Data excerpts
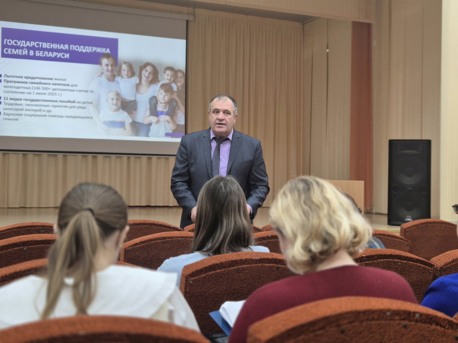 В рамках Единого дня информирования обсуждалась государственная политика Беларуси, направленная на сохранение традиционной семьи. В этой модели отец рассматривается как глава семьи, основа всего рода, хранитель опыта, силы и мудрости предков. Мать выступает как хранительница очага и духовный центр, создающий атмосферу гармонии и обеспечивающий преемственность поколений. Такая семья считается фундаментом стабильного общества и залогом воспитания молодёжи в духе патриотизма и уважения национальных культурных традиций.
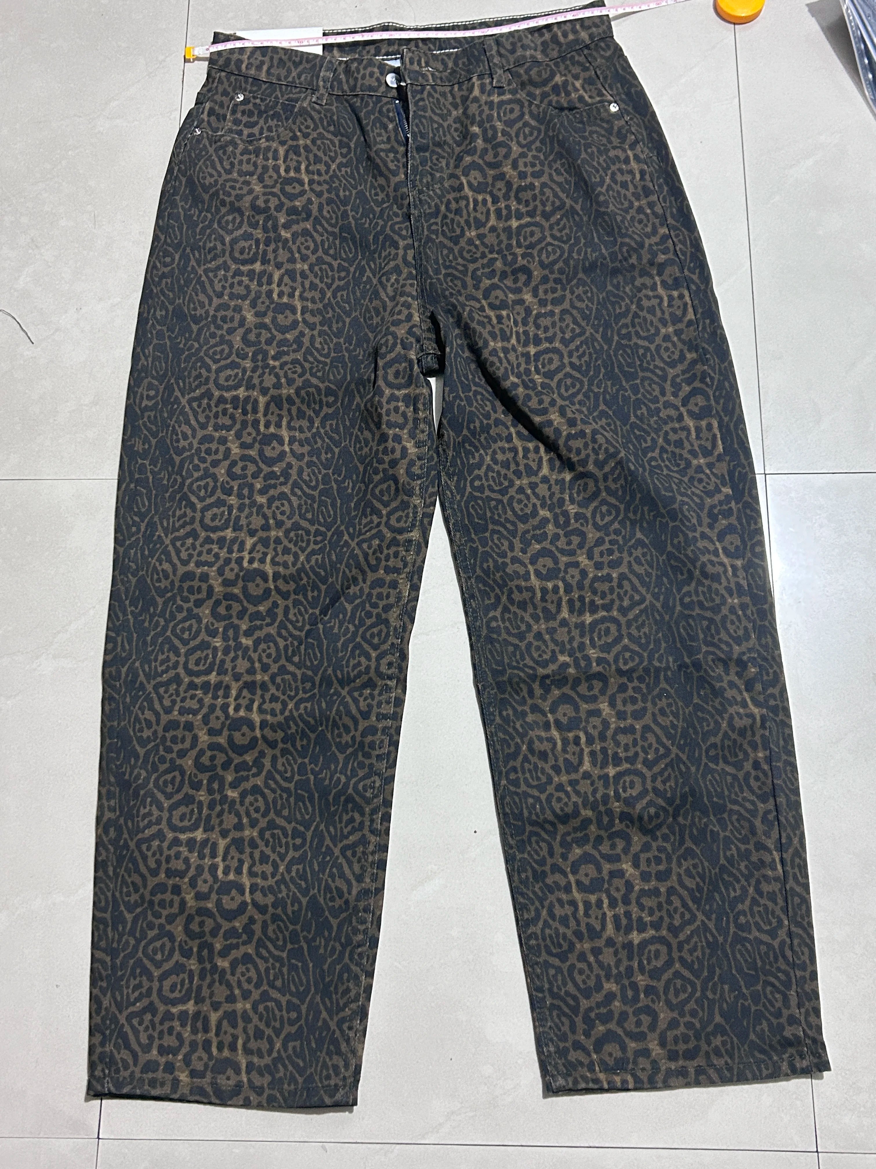 Tan Leopard Print Denim Jeans | Men's Oversized Vintage Streetwear
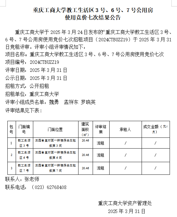 2138CC太阳集团教工生活区3号、6号、7号公用房 使用竞价七次结果公告
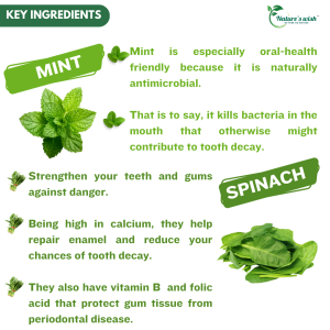 Ingredients : Neem, Mint, Amla, Harad, Baheda, Pippali, Clove, Cinnamon, Mirch, Spinach, South, Suryakshera, Yash Bhasm, Miswak etc.
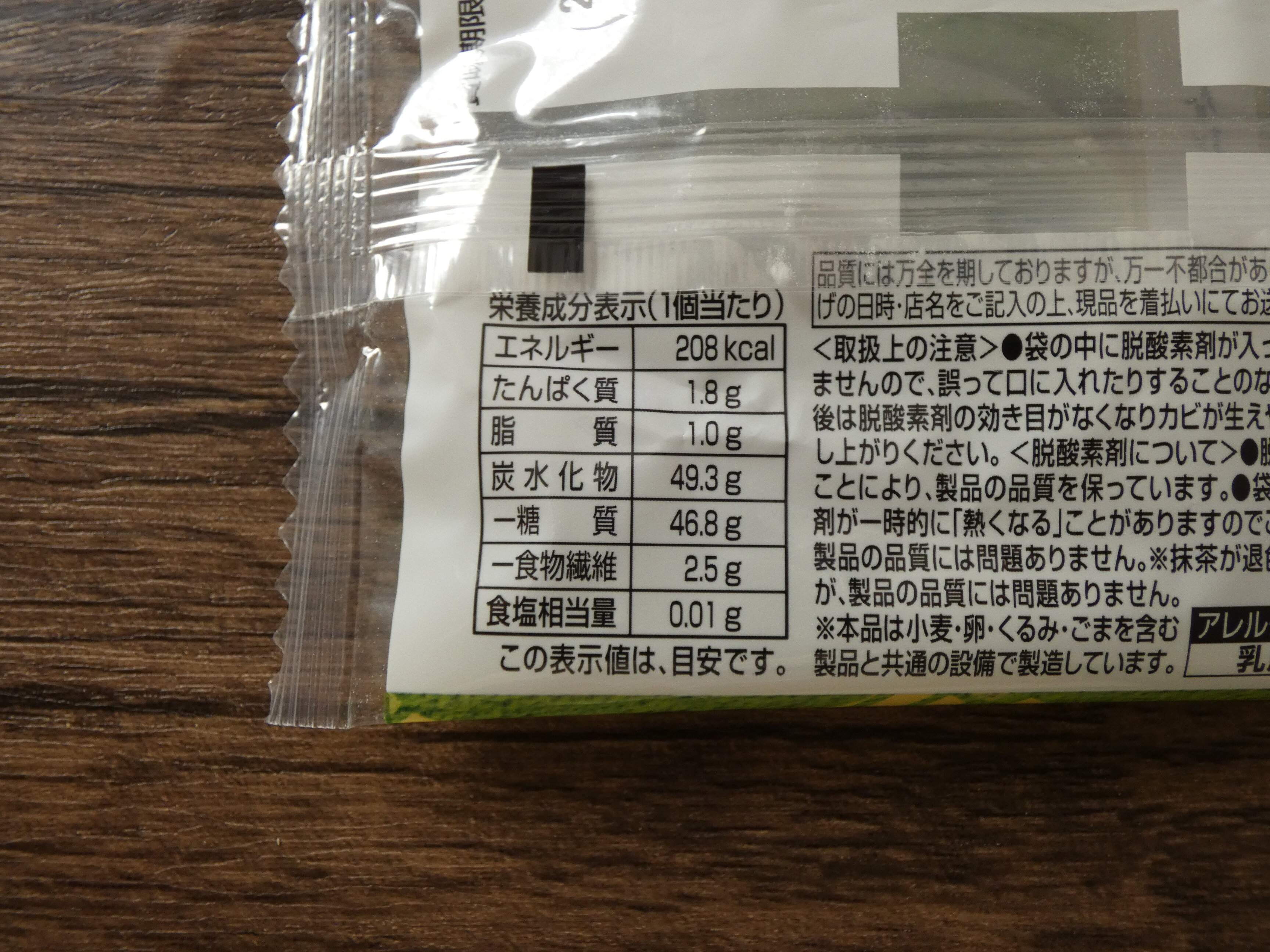 栄養成分表示を見ると1個のエネルギーは208kcal。
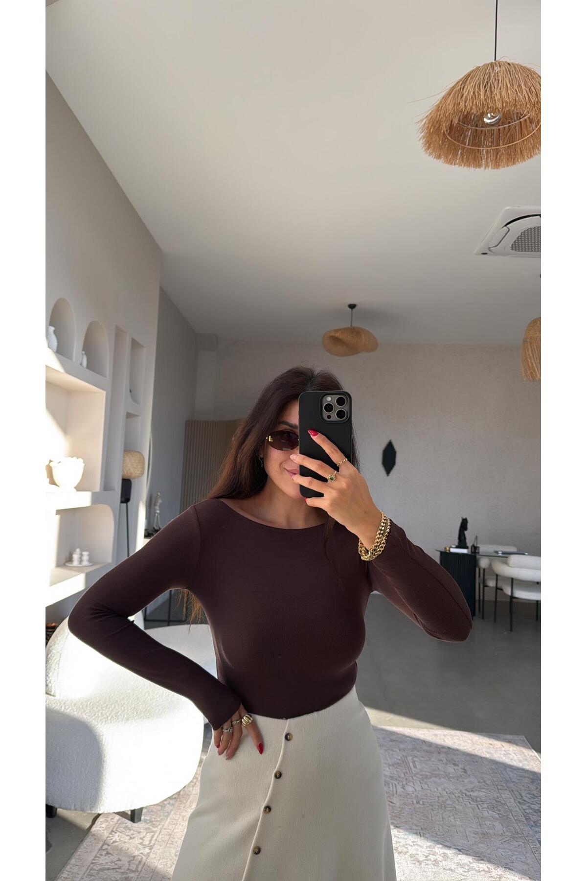 ميزات بلوزة أساسية بأكمام طويلة باللون البني من Pyr من Buket Teke
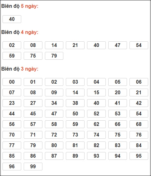 ⇒ Từ thống kê trên, ta thấy được tổng 5 gan nhất đã 37 ngày chưa xuất hiện, (bao gồm 10 cặp số: 05, 14, 23, 32, 41, 50, 69, 78, 87, 96)
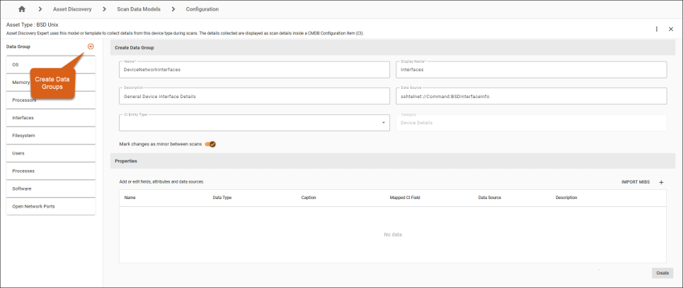 The interface displays the Data Group Editor. Here, you can create data groups and add properties to the data model, such as custom fields or data sources specific to your environment (e.g., SNMP fields for a new printer model).
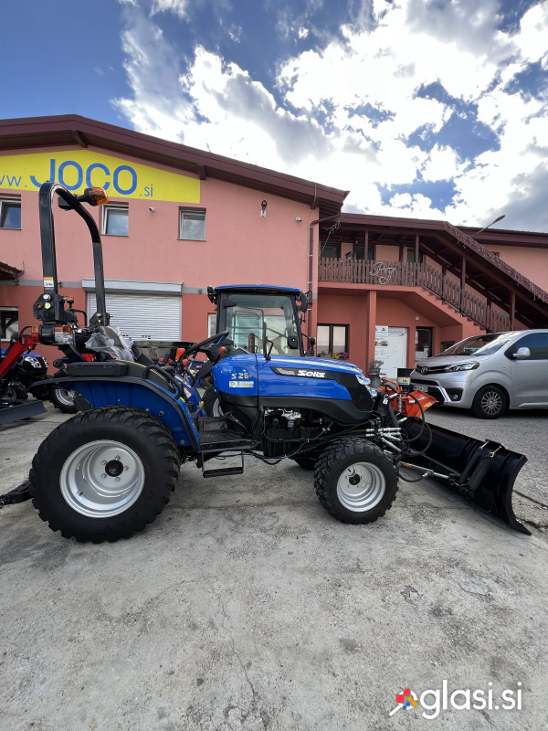 NA ZALOGI SOLIS 26 6+2: 10.300€ Z DDV PLUŽNA DESKA: 1.500€ Z DDV 5 LET GARANCIJE ------------------------------------------------------------------------------------------------------------- VELIKA AKCIJA DO KONCA LETA 2025: OB NAKUPU TRAKTORJA - PRIKOLICA SOLIS TS-1000 ------> SAMO 250 EUR (redna cena: 1.500 eur) -----> VAŠ PRIHRANEK: 1.250 EUR ------------------------------------------------------------------------------------------------------------------- GLAVNE TEHNIČNE LASTNOSTI: Homologiran v skladu z EU standardi Mitsubishi motor in konstrukcija Visokotlačna črpalka in šobe DENSO Japonska Pogon na vsa 4 kolesa - možen izklop Zapora diferenciala Hidravlični volan Hidravlični sistem MITA Varnostni lok z rotacijsko lučjo 2 hidravlična izhoda zadaj Priklop za prikolico zadaj Priklop za vleko spredaj Zadnja hidravlika Kat.1, moč 600kg Sprednje uteži 2x15kg Set rezervnih delov Set orodja Mitsubishi MVS3L2, vodno hlajen Prostornina motorja: 1318 cm3 Število valjev: 3 Nominalni obrati: 2700 obr/min Moč kW/KM: 18/25 Št. prestav: 6 naprej / 2 nazaj Najvišja hitrost: 17.05 km/h Najnižja hitrost: 1.53 km/h Obrati gredi: 540/1000 obr./min. Vklop: mehanski Spredaj: 6,5-12 kmetijske Zadaj: 280/70R18 kmetijske Na voljo tudi: širše kmetijske, industrijske, travniške pnevmatike z doplačilom Rezervoar za gorivo: 29 litrov Teža: 1055 kg Dolžina/širina/višina v mm: 2705/1150/2153 z var. lokom Medosna razdalja: 1560 mm Količina olja v motorju: 4.2 litra Delovna luč za osvetlitev zadnjega dela MOŽNO DOPLAČILO ZA ŠIRŠE KMETIJSKE PNEVMATIKE ALI INDUSTRIJSKE PNEVMATIKE. --------------------------------------------------------------------- MOŽNO FINANCIRANJE: - LEANPAY DO 7 LET BREZ DODATNE DOKUMENTACIJE IN BREZ POLOGA - HITRI KREDIT (SKB, NLB) - POTREBUJEMO LE ZADNJO PLAČILNO LISTO IN ZADNJI BANČNI IZPISEK OZ. ZADNJI ODREZEK POKOJNINE --------------------------------------------- MOŽNOST NAPAK PRI VNOSU, ZA NJIH NE ODGOVARJAMO --------------------------------------------------------------------------------------------------- ZA VEČ INFORMACIJ SE OBRNITE NA PRODAJALCA: PJ AGRO D.O.O. TRŽAŠKA C. 23G 2000 MARIBOR M: 041 735 521.
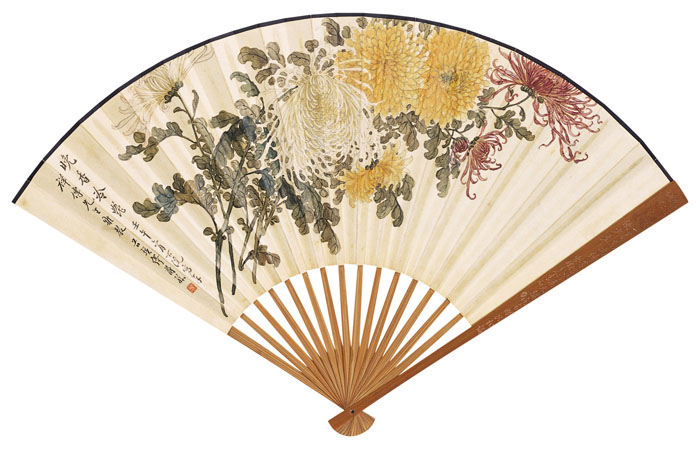 设色纸本 成扇 壬午(1942年)作 钤印:缪莆孙 款识:壬午六月下浣,写奉祥传先生雅教, 谷瑛缪莆孙。
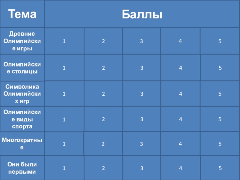 ТемаОлимпийские столицыДревние Олимпийские игрыМногократныеОлимпийские виды спортаСимволика Олимпийских игрБаллы1111122222333334444455555Они были первыми12345
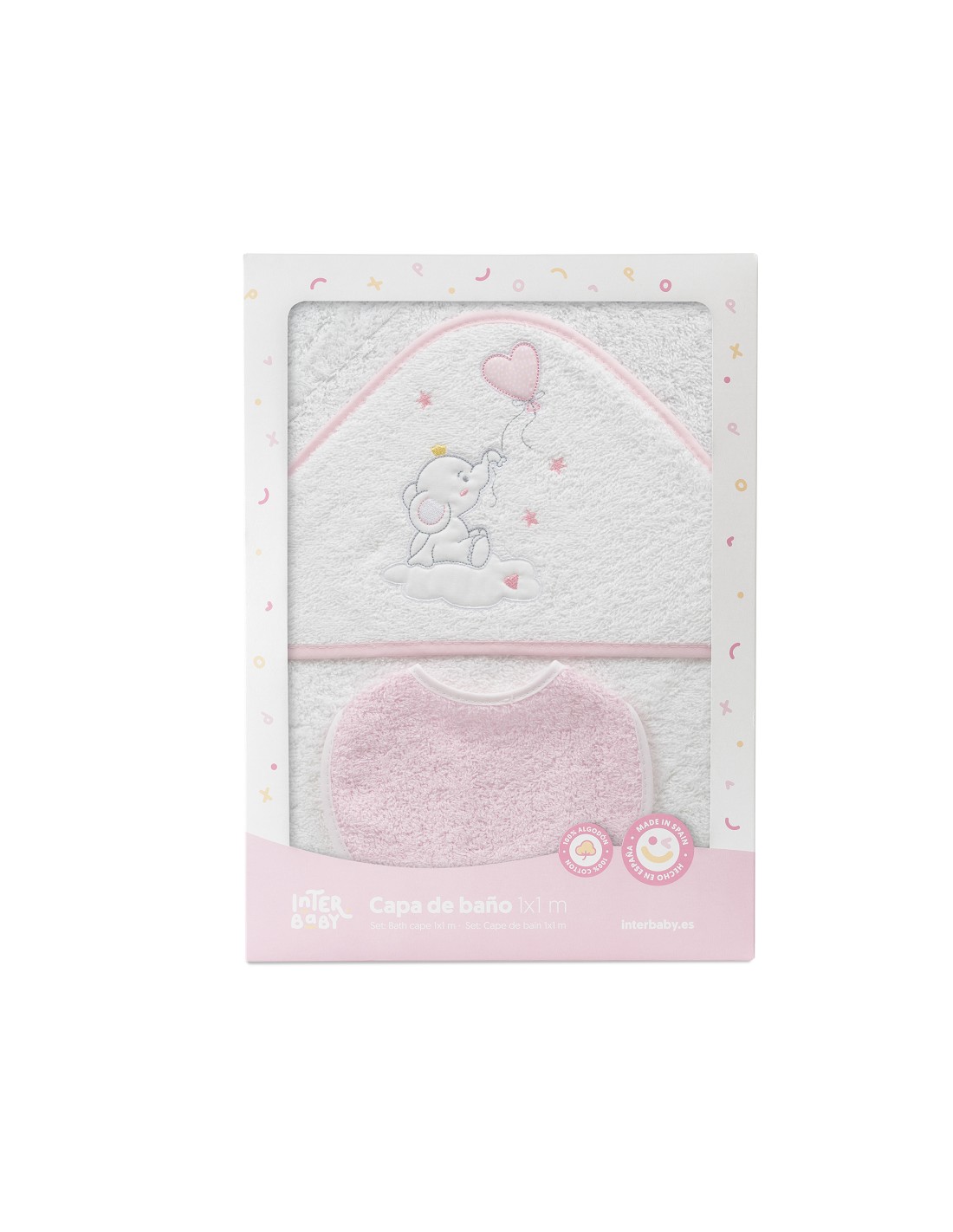Capa Baño 1X1 Mod Elefante Globo Corazon Bco/Rosa
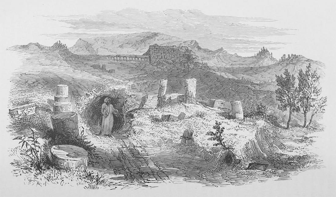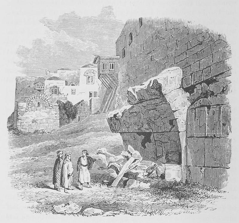 Seeking in vain for an entrance other than that on the north, we returned to daylight full of curious thoughts. What tales of woe are written on these walls! and, could we hear their voices, too low for mortal ear, what secrets would they reveal! In the time of sieges this has been the retreat of Jew and Christian, of Saracen and knight; the last refuge of helpless womanhood, of tender children, of infirm old age, and the death-bed of dying heroes wounded in the fight.
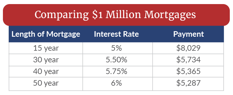 Take a look at this Mortgage Amortization Calculator as well as Mortgage Term Comparison Chart to see what 30 vs. 40 year mortgages look like over their lifespan.
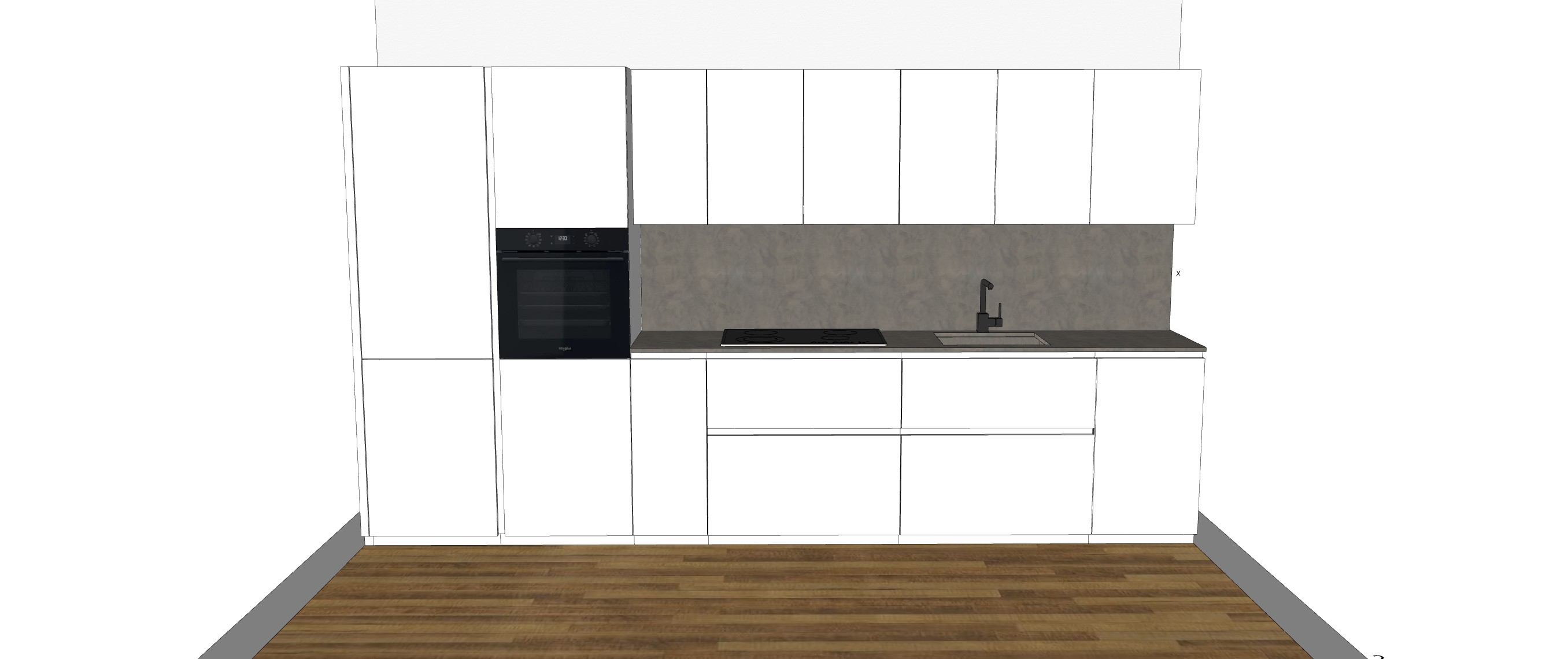 photorealistic render of a modern linear kitchen strictly preserving the original geometry layout proportions and exact material colors from the model important do not modify layout proportions or materials keep all colors exactly as in the original design no reinterpretation no color shift do not warm up or cool down the materials maintain neutral and faithful color rendering materials base units and wall units in matte white lacquer pure neutral white no warm or cold tint tall unit in the same matte white lacquer countertop in grey hpl exact tone as in the model matte finish backsplash matching the model neutral and consistent floor in natural wood parquet keep the exact tone and color variation from the original image lighting neutral natural daylight around 4000k to preserve true colors integrated led strip under wall units illuminating the countertop neutral white light 3500 4000k soft and even illumination no color cast avoid golden hour or warm cinematic lighting objects minimal and neutral add a few subtle objects on the countertop wooden cutting board neutral tone simple ceramic jar white or beige small plant with natural green tones objects must not alter or dominate the color balance environment clean minimal and realistic space no added elements that change perception of materials soft ambient occlusion for depth realism details preserve true whites without overexposure maintain texture visibility without altering color no artificial contrast or saturation boost accurate material response matte surfaces stay matte camera frontal view aligned with the kitchen lens 30 35mm camera height approx 150 160 cm straight vertical lines quality ultra realistic render high detail pbr materials global illumination ray tracing soft shadows negative prompt warm lighting golden tones color grading oversaturated colors high contrast filters glossy surfaces plastic look modified colors or materialscolor accuracy priority preserve original albedo values no color grading
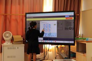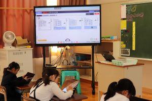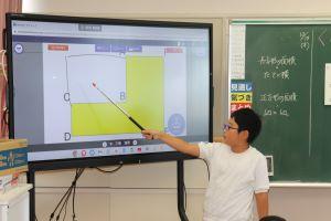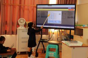 自分の考えを電子黒板を使いながら説明します。

• _WORK REQUEST_:
To complete this exercise, transcribe exactly the lines above from the one that holds "Seeking in vain" through the one that holds "Take a look". Pictures stay out.

• _WRITTEN SOLUTION_:
 Seeking in vain for an entrance other than that on the north, we returned to daylight full of curious thoughts. What tales of woe are written on these walls! and, could we hear their voices, too low for mortal ear, what secrets would they reveal! In the time of sieges this has been the retreat of Jew and Christian, of Saracen and knight; the last refuge of helpless womanhood, of tender children, of infirm old age, and the death-bed of dying heroes wounded in the fight.
 Take a look at this Mortgage Amortization Calculator as well as Mortgage Term Comparison Chart to see what 30 vs. 40 year mortgages look like over their lifespan.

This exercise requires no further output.